Published for NC Criminal Law on December 01, 2009.

A recent court of appeals case, Blaylock v. N.C. Department of Correction-Division of Community Corrections, has spurred to write about something I've been meaning to write about for a while: probation officer liability when a supervised offender hurts someone. In Blaylock, a probation officer was supervising a mentally ill probationer named James Oakes who had been identified as a "sexual offender." When Mr. Oakes didn't have a proper place to the live the officer made some calls to help him find accommodations. She called and eventually visited a pair of Oakes's relatives, a married couple with four children, to see if he could live with them.
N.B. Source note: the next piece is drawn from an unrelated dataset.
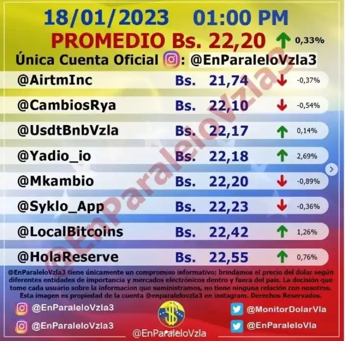 Mientras que en la tarde se ubicó en Bs. 22,20, según publicó @EnParaleloVzla en Instagram.

Despite seeing children in the home, the officer did not inform the couple of Oakes's history as a sexual offender. Two days after the couple agreed to let him move in, Oakes sexually assaulted two of their children. The couple sued the Division of Community Corrections (DCC) before the Industrial Commission (that's where you sue state agencies - which would otherwise be immune - under the State Tort Claims Act). They alleged that DCC's agent, the officer, failed to exercise reasonable care in placing Mr. Oakes in the couple's home. DCC raised the public duty doctrine as a defense. Under the public duty doctrine, individual citizens generally have no claim that government officers are obliged to protect them from harm caused by third parties. For example, you typically can't succeed in a lawsuit against the police department when you're the victim of a crime - [...]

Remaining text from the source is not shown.